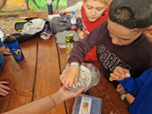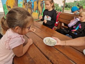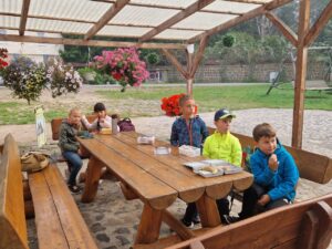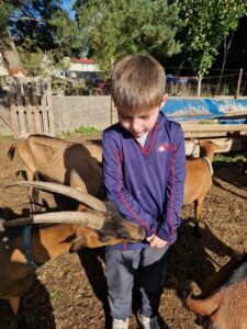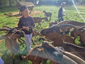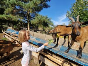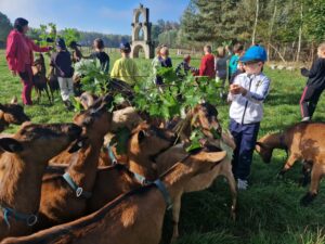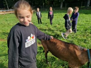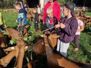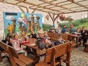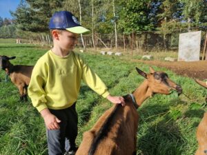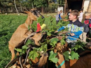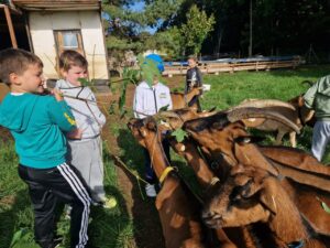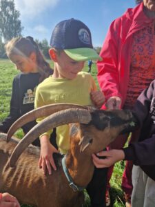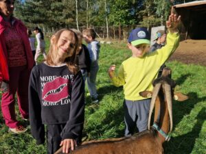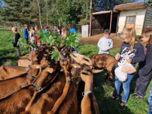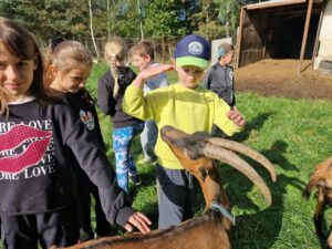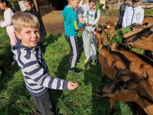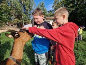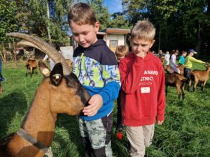 V rámci cvičení v přírodě jsme se vydali autobusem na KOZÍ FARMU na Ramši ( Nový Dvůr ).Výlet jsme si užívali hned od začátku, procházka byla velmi příjemná. Majitelé farmy byli velice milí a od začátku nám o všem hned vyprávěli. Po malé svačince od našich maminek jsme se podívali, kde se kozy rodí, žijí, kde a jak se dojí mléko. Dozvěděli jsme se, jak se o kozy starají, čím se krmí, jak se zpracovává mléko. Dokonce jsme si mohli kozy pohladit a nakrmit je. Na závěr nás čekala velmi chutná ochutnávka sýrů. Cesta do školy byla velice dlouhá. Nám to ale nevadilo a i když jsme se domů vraceli unavení, měli jsme spoustu krásných zážitků.
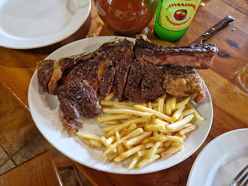 Read moreLlegamos a la sidreria sin reserva. Nos atendieron rapidamente, ya que no había nadie esperando. Elegimos el menú de sidreria. Debo decir que fui yo mismo quien tomó la decisión de comer en esta sidreria. Lo catalogué como comida casera en un lugar idílico. Nos sentamos a comer y la sensación era buena. Pena por servir la sidra en botella, pero bueno. Si la comida merece la pena... La tortilla de bacalao y chorizos estaban de 10. Lastima al llegar el chuletón y ver las patatas congeladas. Congelada se quedó mi conciencia después de dar la murga tanto tiempo con la comida casera y encontrarme las patatas McDonald's. La verdad con lo buena que estaba la carne yo no le pondría esas patatas que no suman, sino lo contrario. Es cierto que la cantidad no era mucha, pero quizás el precio podía compensar la carencia. Comimos la copa de la casa. No sabía dónde meterme. Era un flan vertido en una copa tras una lata de frutas en almíbar con una bola de helado y nata en spray. Vamos, mi recomendación de casero y de calidad. Cuando llegó la cuenta, la cantidad (muy caro) hubiese sido razonable si los platos principales hubiesen sido más copiosos. No habría ni rastro de las patatas fritas congeladas y los postres fuesen caseros. Una lastima grandísima cuando el fundamento principal del menú estaba genial y quedo a la sombra de unas patatas congeladas y un postre lamentable. Siento la reseña negativa, llevo mucho tiempo valorando si escribirla o no pero aquel día me sentí fatal después de elegir un sitio idílico con comida casera, estar dispuesto para pagar y recibir un menú muy por debajo de lo que...
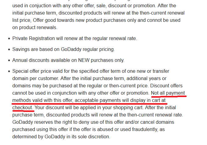 If you check the “View offer disclaimer” during the payment it clearly mentions that “Not all payment methods valid with this offer, acceptable payments will display in cart at checkout”.
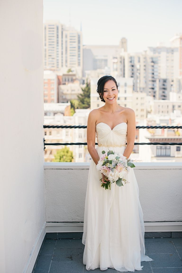 "We wanted to have an intimate wedding that was indicative of what SF meant to us – historical architecture and tradition with amazing views of a thriving urban downtown skyline. We were so happy with our venue choices as that was the hardest part for us! Having our ceremony at the Old Mission Dolores, the oldest building in San Francisco followed by our reception at Adagio with its amazing city windows and access to a balcony right off the dinner area was perfect.
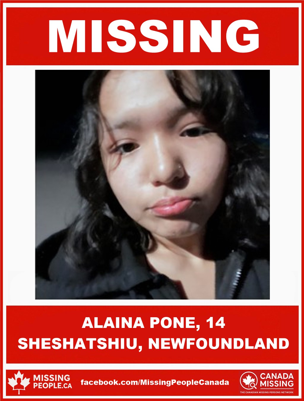 The Sheshatshiu RCMP is seeking the public’s assistance in locating 14-year-old Alaina Pone, who has been reported missing from Sheshatshiu, Newfoundland.
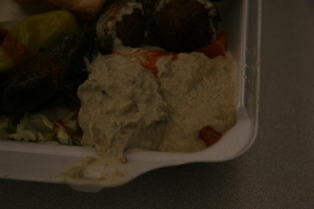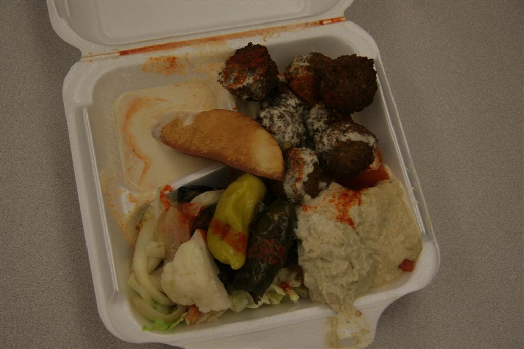 Clockwise from top right, that’s falafel, hummus, baba ghannouj, a grape leaf, a pepperoncini, fried eggplant (under the grape leaf and pepper), salad (all under the bottom part of the box), tahini, and a piece of fried pita. And of course, there’s hot sauce on the whole lot of it.
****************
• **THE TASK**
Please write out exactly, and only, the lines from the beginning of the entries through the line containing "Read moreLlegamos a", including both and skipping all pictures.

• **EXPECTED ANSWER**
 V rámci cvičení v přírodě jsme se vydali autobusem na KOZÍ FARMU na Ramši ( Nový Dvůr ).Výlet jsme si užívali hned od začátku, procházka byla velmi příjemná. Majitelé farmy byli velice milí a od začátku nám o všem hned vyprávěli. Po malé svačince od našich maminek jsme se podívali, kde se kozy rodí, žijí, kde a jak se dojí mléko. Dozvěděli jsme se, jak se o kozy starají, čím se krmí, jak se zpracovává mléko. Dokonce jsme si mohli kozy pohladit a nakrmit je. Na závěr nás čekala velmi chutná ochutnávka sýrů. Cesta do školy byla velice dlouhá. Nám to ale nevadilo a i když jsme se domů vraceli unavení, měli jsme spoustu krásných zážitků.
 Read moreLlegamos a la sidreria sin reserva. Nos atendieron rapidamente, ya que no había nadie esperando. Elegimos el menú de sidreria. Debo decir que fui yo mismo quien tomó la decisión de comer en esta sidreria. Lo catalogué como comida casera en un lugar idílico. Nos sentamos a comer y la sensación era buena. Pena por servir la sidra en botella, pero bueno. Si la comida merece la pena... La tortilla de bacalao y chorizos estaban de 10. Lastima al llegar el chuletón y ver las patatas congeladas. Congelada se quedó mi conciencia después de dar la murga tanto tiempo con la comida casera y encontrarme las patatas McDonald's. La verdad con lo buena que estaba la carne yo no le pondría esas patatas que no suman, sino lo contrario. Es cierto que la cantidad no era mucha, pero quizás el precio podía compensar la carencia. Comimos la copa de la casa. No sabía dónde meterme. Era un flan vertido en una copa tras una lata de frutas en almíbar con una bola de helado y nata en spray. Vamos, mi recomendación de casero y de calidad. Cuando llegó la cuenta, la cantidad (muy caro) hubiese sido razonable si los platos principales hubiesen sido más copiosos. No habría ni rastro de las patatas fritas congeladas y los postres fuesen caseros. Una lastima grandísima cuando el fundamento principal del menú estaba genial y quedo a la sombra de unas patatas congeladas y un postre lamentable. Siento la reseña negativa, llevo mucho tiempo valorando si escribirla o no pero aquel día me sentí fatal después de elegir un sitio idílico con comida casera, estar dispuesto para pagar y recibir un menú muy por debajo de lo que...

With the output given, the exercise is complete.